** Opening Records to use block **

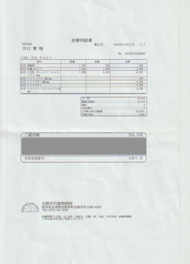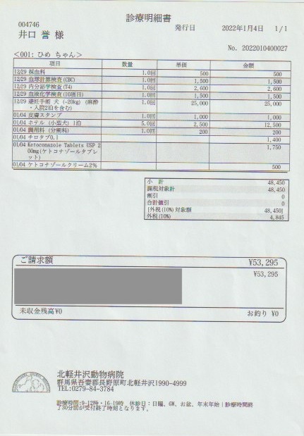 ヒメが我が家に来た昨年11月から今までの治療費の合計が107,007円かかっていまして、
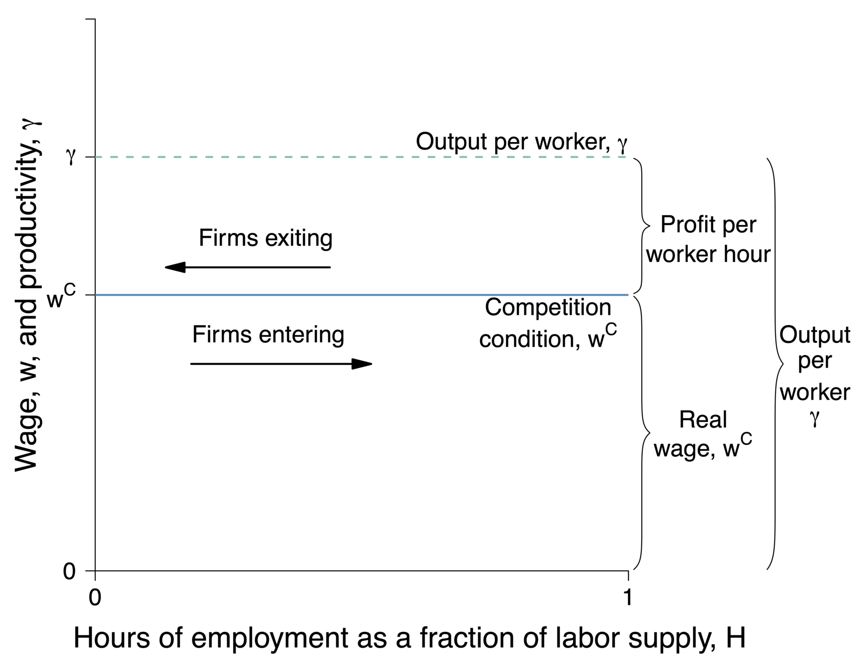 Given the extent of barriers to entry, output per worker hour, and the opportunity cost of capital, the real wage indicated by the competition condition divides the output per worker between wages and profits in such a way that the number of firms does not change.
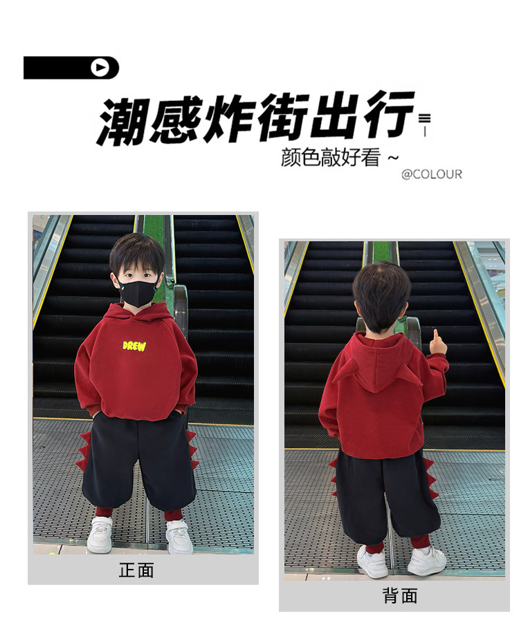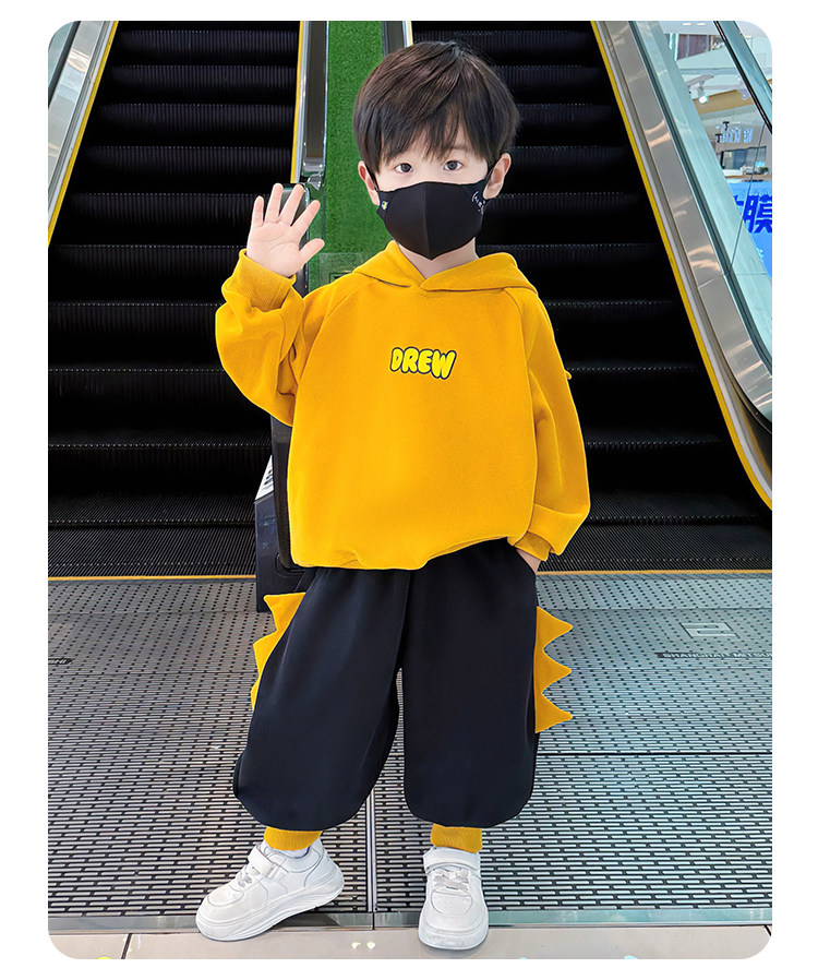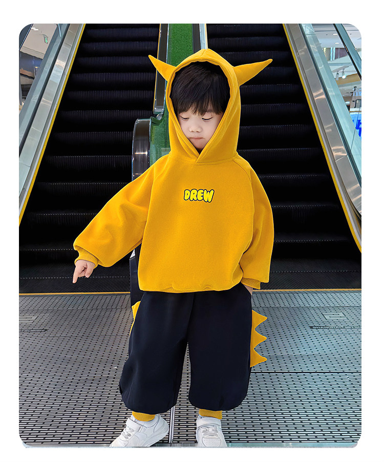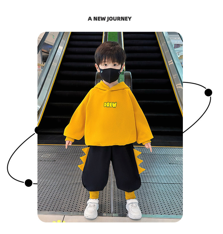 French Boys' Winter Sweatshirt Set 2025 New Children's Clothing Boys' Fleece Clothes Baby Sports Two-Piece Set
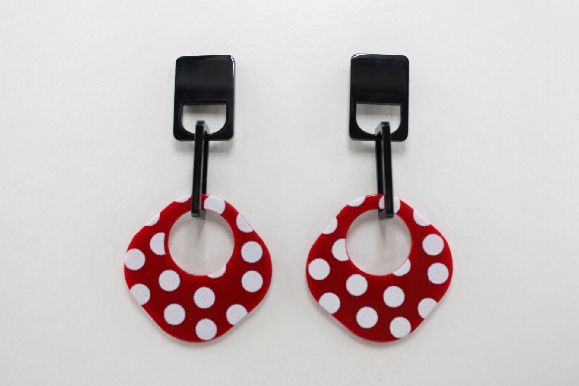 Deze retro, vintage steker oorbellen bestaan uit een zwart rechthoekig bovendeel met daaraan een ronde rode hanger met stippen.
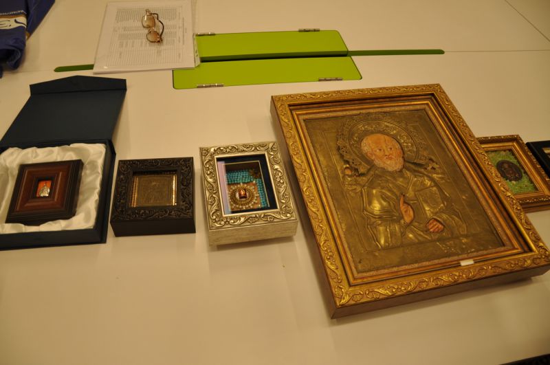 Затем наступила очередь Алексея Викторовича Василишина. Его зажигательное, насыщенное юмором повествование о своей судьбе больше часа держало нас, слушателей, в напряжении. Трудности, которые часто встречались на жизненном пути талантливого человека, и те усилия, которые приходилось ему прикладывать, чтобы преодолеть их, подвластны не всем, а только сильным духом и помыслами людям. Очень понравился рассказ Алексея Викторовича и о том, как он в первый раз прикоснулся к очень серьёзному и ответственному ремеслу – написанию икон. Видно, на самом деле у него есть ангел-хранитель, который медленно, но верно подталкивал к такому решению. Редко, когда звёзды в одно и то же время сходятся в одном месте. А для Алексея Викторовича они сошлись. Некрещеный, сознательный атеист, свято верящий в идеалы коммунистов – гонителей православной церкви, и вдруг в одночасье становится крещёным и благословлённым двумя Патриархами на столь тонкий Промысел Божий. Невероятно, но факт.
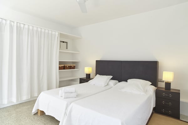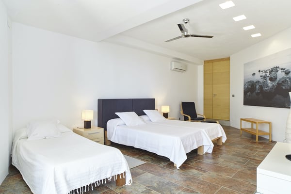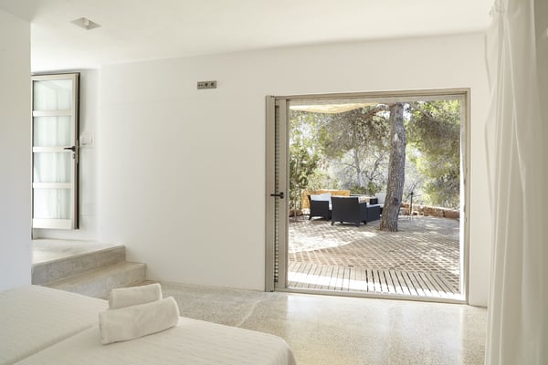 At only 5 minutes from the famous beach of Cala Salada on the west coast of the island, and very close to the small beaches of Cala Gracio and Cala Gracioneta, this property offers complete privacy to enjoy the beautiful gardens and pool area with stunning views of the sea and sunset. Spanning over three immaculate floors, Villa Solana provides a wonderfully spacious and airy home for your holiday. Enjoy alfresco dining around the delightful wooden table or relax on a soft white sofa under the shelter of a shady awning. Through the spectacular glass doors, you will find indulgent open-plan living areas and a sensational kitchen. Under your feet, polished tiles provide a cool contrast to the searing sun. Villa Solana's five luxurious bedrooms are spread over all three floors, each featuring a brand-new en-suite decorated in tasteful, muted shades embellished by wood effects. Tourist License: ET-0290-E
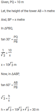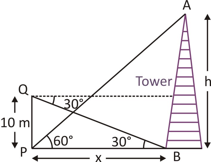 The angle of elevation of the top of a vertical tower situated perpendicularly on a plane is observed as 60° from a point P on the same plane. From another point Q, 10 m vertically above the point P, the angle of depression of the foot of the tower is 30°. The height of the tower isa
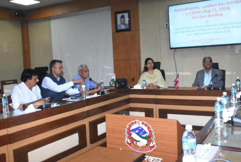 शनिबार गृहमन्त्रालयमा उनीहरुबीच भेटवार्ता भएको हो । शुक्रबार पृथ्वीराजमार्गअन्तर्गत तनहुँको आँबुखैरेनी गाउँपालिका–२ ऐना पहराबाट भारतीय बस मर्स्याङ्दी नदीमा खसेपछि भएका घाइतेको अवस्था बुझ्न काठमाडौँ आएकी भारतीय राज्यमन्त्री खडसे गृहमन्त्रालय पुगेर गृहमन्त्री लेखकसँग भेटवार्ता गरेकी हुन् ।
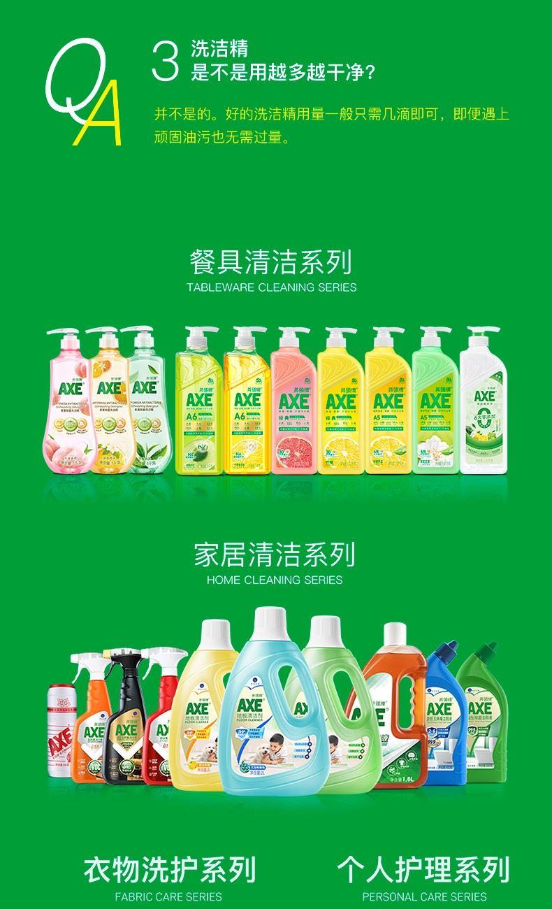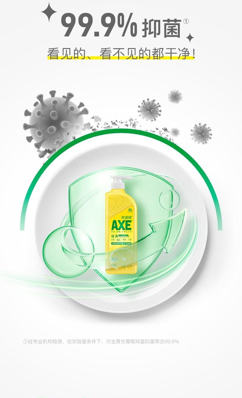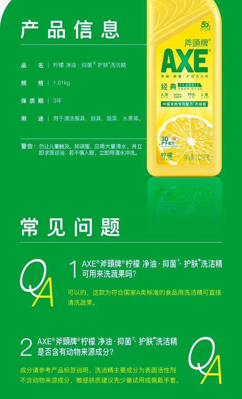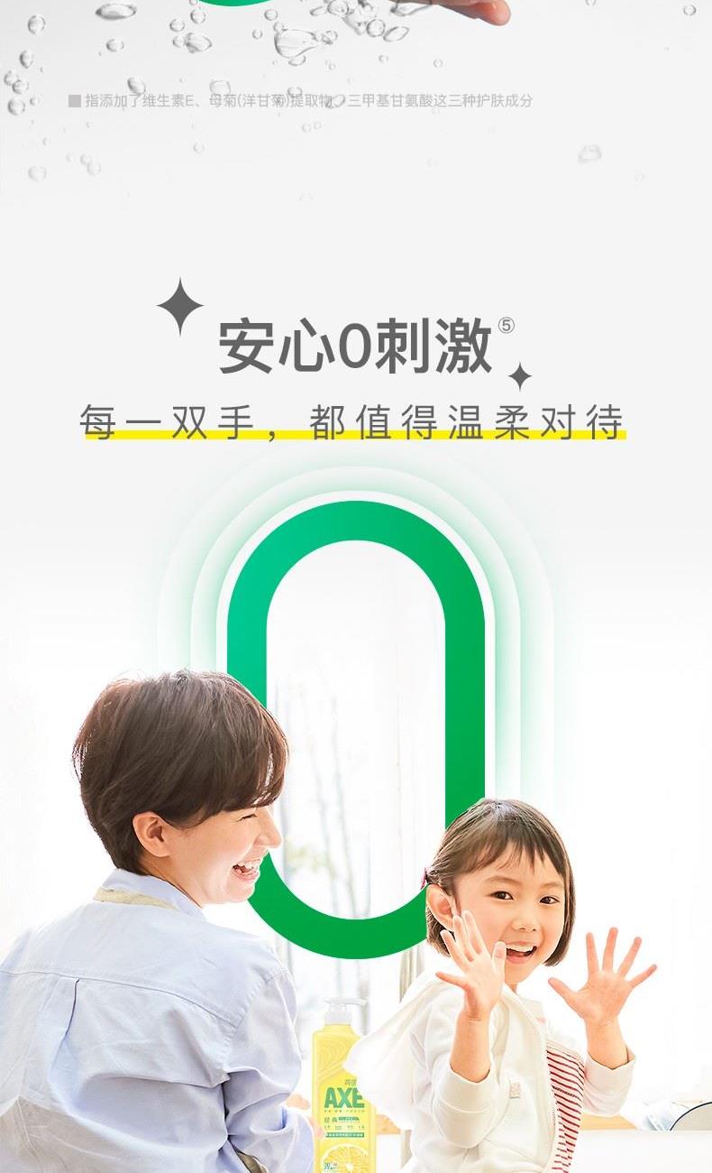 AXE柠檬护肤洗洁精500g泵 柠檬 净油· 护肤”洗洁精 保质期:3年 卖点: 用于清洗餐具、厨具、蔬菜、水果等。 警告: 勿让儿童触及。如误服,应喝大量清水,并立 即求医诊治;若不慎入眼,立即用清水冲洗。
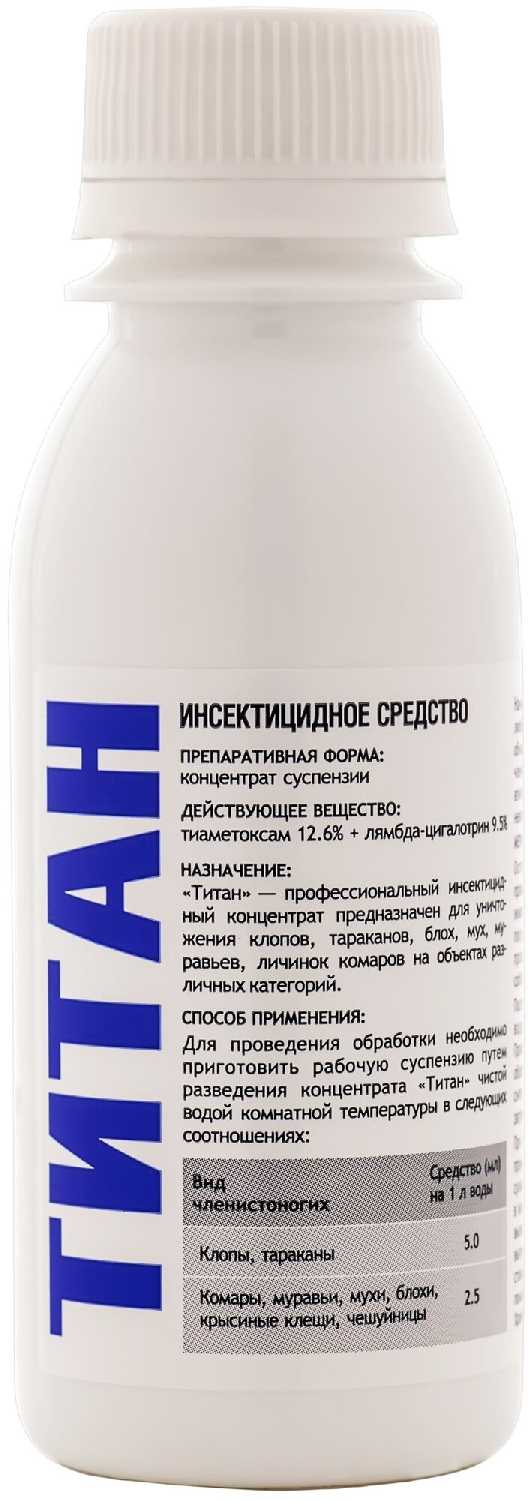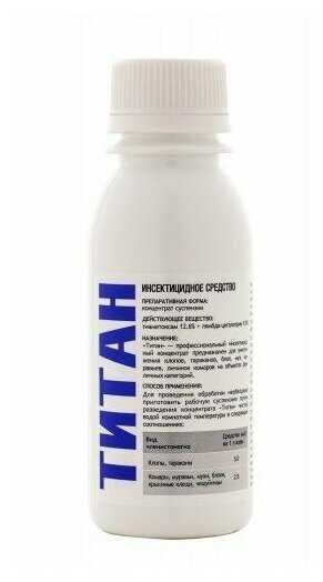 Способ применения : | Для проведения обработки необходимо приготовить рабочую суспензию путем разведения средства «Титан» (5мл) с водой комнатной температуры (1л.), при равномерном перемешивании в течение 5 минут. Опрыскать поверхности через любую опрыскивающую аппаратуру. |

** Closing Records to use block **

◆ Assignment
Pictures stay out; copy every entry above exactly.

◆ Result
 ヒメが我が家に来た昨年11月から今までの治療費の合計が107,007円かかっていまして、
 Given the extent of barriers to entry, output per worker hour, and the opportunity cost of capital, the real wage indicated by the competition condition divides the output per worker between wages and profits in such a way that the number of firms does not change.
 French Boys' Winter Sweatshirt Set 2025 New Children's Clothing Boys' Fleece Clothes Baby Sports Two-Piece Set
 Deze retro, vintage steker oorbellen bestaan uit een zwart rechthoekig bovendeel met daaraan een ronde rode hanger met stippen.
 Затем наступила очередь Алексея Викторовича Василишина. Его зажигательное, насыщенное юмором повествование о своей судьбе больше часа держало нас, слушателей, в напряжении. Трудности, которые часто встречались на жизненном пути талантливого человека, и те усилия, которые приходилось ему прикладывать, чтобы преодолеть их, подвластны не всем, а только сильным духом и помыслами людям. Очень понравился рассказ Алексея Викторовича и о том, как он в первый раз прикоснулся к очень серьёзному и ответственному ремеслу – написанию икон. Видно, на самом деле у него есть ангел-хранитель, который медленно, но верно подталкивал к такому решению. Редко, когда звёзды в одно и то же время сходятся в одном месте. А для Алексея Викторовича они сошлись. Некрещеный, сознательный атеист, свято верящий в идеалы коммунистов – гонителей православной церкви, и вдруг в одночасье становится крещёным и благословлённым двумя Патриархами на столь тонкий Промысел Божий. Невероятно, но факт.
 At only 5 minutes from the famous beach of Cala Salada on the west coast of the island, and very close to the small beaches of Cala Gracio and Cala Gracioneta, this property offers complete privacy to enjoy the beautiful gardens and pool area with stunning views of the sea and sunset. Spanning over three immaculate floors, Villa Solana provides a wonderfully spacious and airy home for your holiday. Enjoy alfresco dining around the delightful wooden table or relax on a soft white sofa under the shelter of a shady awning. Through the spectacular glass doors, you will find indulgent open-plan living areas and a sensational kitchen. Under your feet, polished tiles provide a cool contrast to the searing sun. Villa Solana's five luxurious bedrooms are spread over all three floors, each featuring a brand-new en-suite decorated in tasteful, muted shades embellished by wood effects. Tourist License: ET-0290-E
 The angle of elevation of the top of a vertical tower situated perpendicularly on a plane is observed as 60° from a point P on the same plane. From another point Q, 10 m vertically above the point P, the angle of depression of the foot of the tower is 30°. The height of the tower isa
 शनिबार गृहमन्त्रालयमा उनीहरुबीच भेटवार्ता भएको हो । शुक्रबार पृथ्वीराजमार्गअन्तर्गत तनहुँको आँबुखैरेनी गाउँपालिका–२ ऐना पहराबाट भारतीय बस मर्स्याङ्दी नदीमा खसेपछि भएका घाइतेको अवस्था बुझ्न काठमाडौँ आएकी भारतीय राज्यमन्त्री खडसे गृहमन्त्रालय पुगेर गृहमन्त्री लेखकसँग भेटवार्ता गरेकी हुन् ।
 AXE柠檬护肤洗洁精500g泵 柠檬 净油· 护肤”洗洁精 保质期:3年 卖点: 用于清洗餐具、厨具、蔬菜、水果等。 警告: 勿让儿童触及。如误服,应喝大量清水,并立 即求医诊治;若不慎入眼,立即用清水冲洗。
 Способ применения : | Для проведения обработки необходимо приготовить рабочую суспензию путем разведения средства «Титан» (5мл) с водой комнатной температуры (1л.), при равномерном перемешивании в течение 5 минут. Опрыскать поверхности через любую опрыскивающую аппаратуру. |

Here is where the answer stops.